At Urban Company, we have multiple sources consisting of 120+ microservices, standalone servers like databases, stateful apps, etc. pipelining their logs to an elastic search cluster.

These use cases have a high search and ingestion throughput. During peak hours, the ingestion rate goes up to 15M events per minute.

Previous Architecture at UC

Earlier we had a single elastic search cluster that was deployed on standalone EC2 servers and was configured and maintained manually.

Log pipeline journey :

  • All microservices and standalone sources used to send logs to logstash via filebeat.
  • Logstash maintained a queue at its end, did some transformations, and sent the logs to elastic search.
  • Kibana queried the elastic search to display the logs.

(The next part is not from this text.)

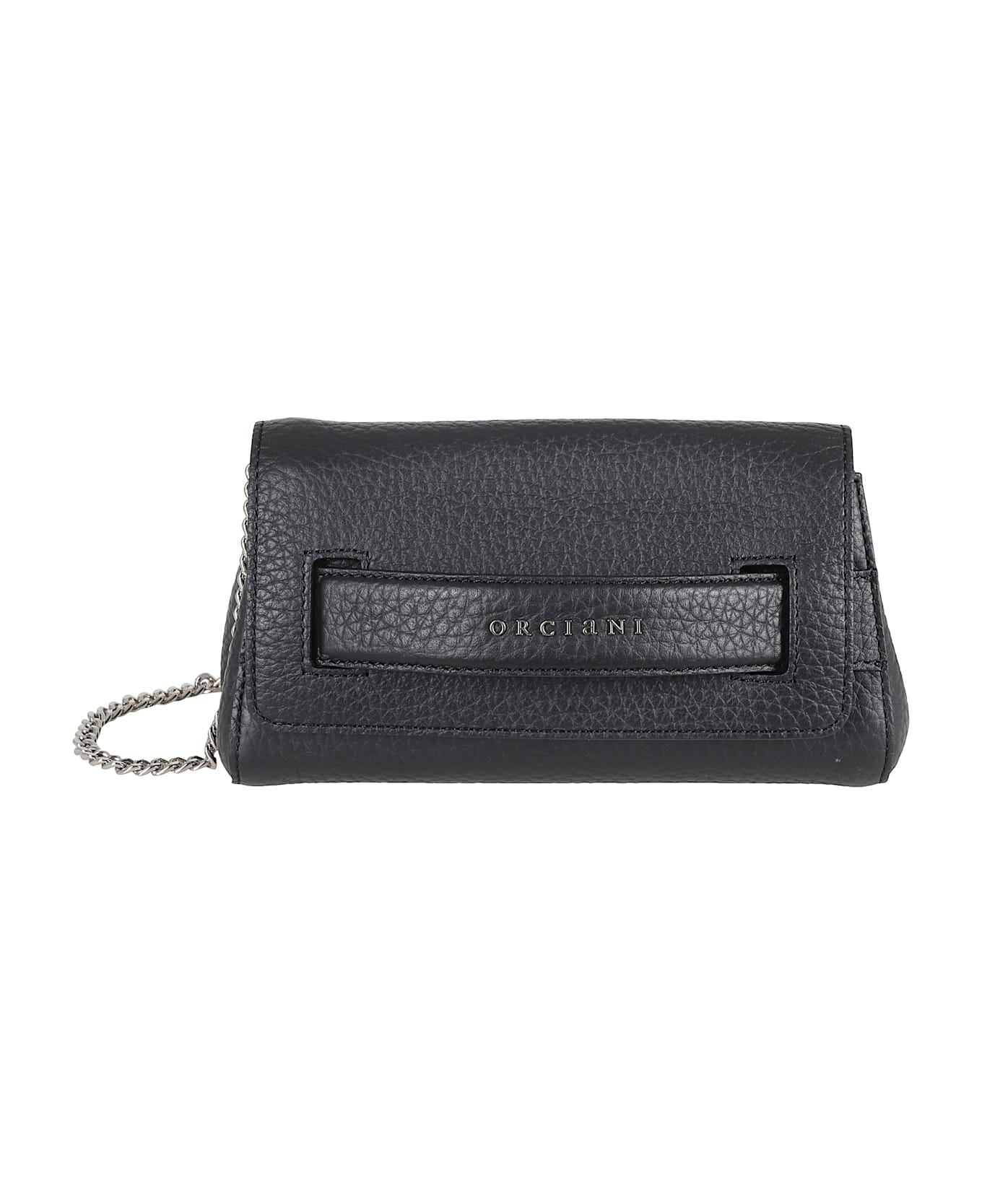 Category: Accessories Item: Gossip Soft Clutch Bag Brand: Orciani Color: Black Pockets: Open interior Details: Removable chain shoulder strap, Palladium finish Closure: With flap SIZE & FIT Width: 20 cm Height: 10 cm Depth: 7 cm

Challenges in the previous architecture

The following were the major challenges faced in the above architecture:

Maintenance

  • Version upgrades, addition/deletion of new nodes in the cluster, and disk addition activities were manual.
  • This required connecting to EC2 servers via ssh which poses a stability risk.

High Availability

  • Our ELK stack is largely deployed on spot instances. It used to take ~15–20 mins to recover from spot replacement.

Scalability

  • A high ingestion rate from a particular microservice used to overwhelm the cluster and created a lag on the elastic search for up to 3 hours.

Design choices while moving to Kubernetes

During this journey, we compared different options as explained below.

ECK ( Elastic operator for Kubernetes ) or helm charts?

  • We went ahead with ECK as it has built-in automation, a healing mechanism, and best practices as compared to the helm chart.
  • The operator framework is built on a reconciliation loop that continuously checks if the cluster is in the desired state or not.
  • ECK provides a code-controlled way to solve all maintenance tasks.
  • Version upgrades are done in a rolling way with an auto-revert option.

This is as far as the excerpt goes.